── Given material ──

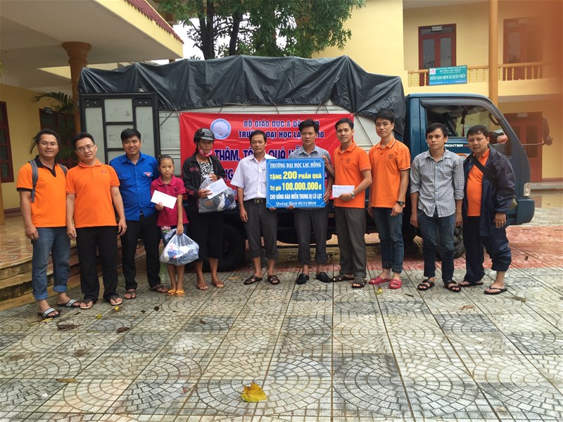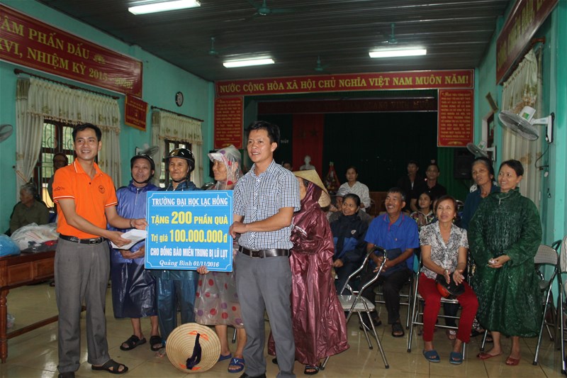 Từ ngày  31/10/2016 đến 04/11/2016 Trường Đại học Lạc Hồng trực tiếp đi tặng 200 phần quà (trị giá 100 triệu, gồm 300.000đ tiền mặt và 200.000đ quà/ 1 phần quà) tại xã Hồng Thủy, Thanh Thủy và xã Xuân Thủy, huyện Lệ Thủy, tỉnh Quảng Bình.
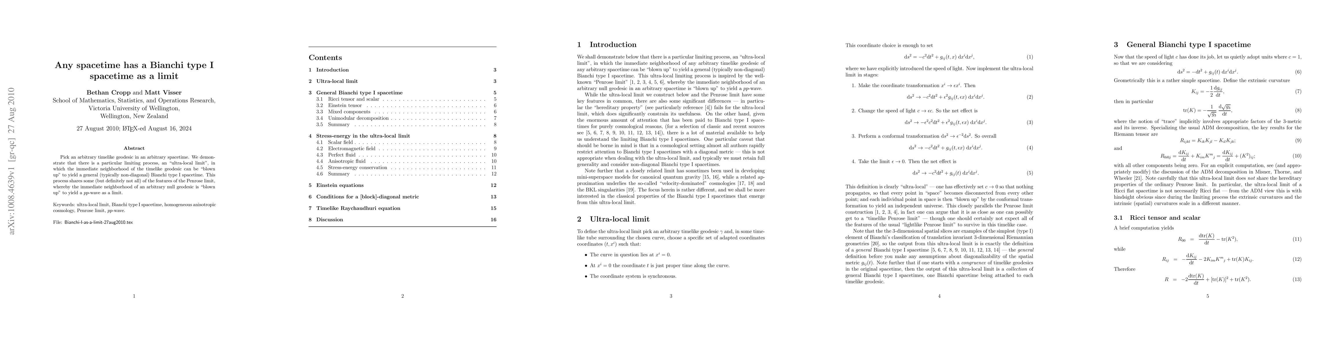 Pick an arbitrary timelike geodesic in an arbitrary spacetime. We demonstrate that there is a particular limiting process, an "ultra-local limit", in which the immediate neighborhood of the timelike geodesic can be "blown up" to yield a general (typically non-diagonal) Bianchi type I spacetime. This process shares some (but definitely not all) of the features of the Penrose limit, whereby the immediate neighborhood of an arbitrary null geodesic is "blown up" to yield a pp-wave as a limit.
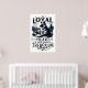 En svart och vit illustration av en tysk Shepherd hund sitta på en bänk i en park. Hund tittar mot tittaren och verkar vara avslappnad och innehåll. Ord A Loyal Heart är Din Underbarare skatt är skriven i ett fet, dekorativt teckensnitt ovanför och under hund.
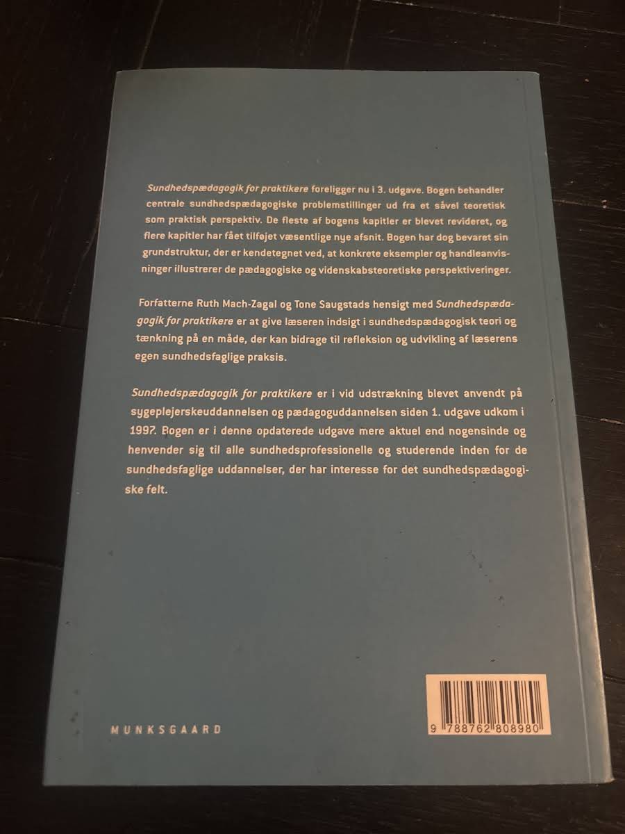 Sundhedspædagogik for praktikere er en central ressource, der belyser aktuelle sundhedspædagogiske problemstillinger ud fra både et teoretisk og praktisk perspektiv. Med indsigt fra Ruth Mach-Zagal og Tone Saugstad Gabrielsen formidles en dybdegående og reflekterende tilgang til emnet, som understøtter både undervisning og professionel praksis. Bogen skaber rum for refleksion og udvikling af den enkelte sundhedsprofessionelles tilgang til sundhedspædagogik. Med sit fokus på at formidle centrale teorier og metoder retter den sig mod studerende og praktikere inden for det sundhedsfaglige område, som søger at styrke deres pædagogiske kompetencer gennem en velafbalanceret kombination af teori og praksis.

───

Assigned task - This exercise asks for an exact copy of the lines from the first one in the data through the line that contains "Pick an arbitrary", pictures excluded.

Exercise result -
 Từ ngày  31/10/2016 đến 04/11/2016 Trường Đại học Lạc Hồng trực tiếp đi tặng 200 phần quà (trị giá 100 triệu, gồm 300.000đ tiền mặt và 200.000đ quà/ 1 phần quà) tại xã Hồng Thủy, Thanh Thủy và xã Xuân Thủy, huyện Lệ Thủy, tỉnh Quảng Bình.
 Pick an arbitrary timelike geodesic in an arbitrary spacetime. We demonstrate that there is a particular limiting process, an "ultra-local limit", in which the immediate neighborhood of the timelike geodesic can be "blown up" to yield a general (typically non-diagonal) Bianchi type I spacetime. This process shares some (but definitely not all) of the features of the Penrose limit, whereby the immediate neighborhood of an arbitrary null geodesic is "blown up" to yield a pp-wave as a limit.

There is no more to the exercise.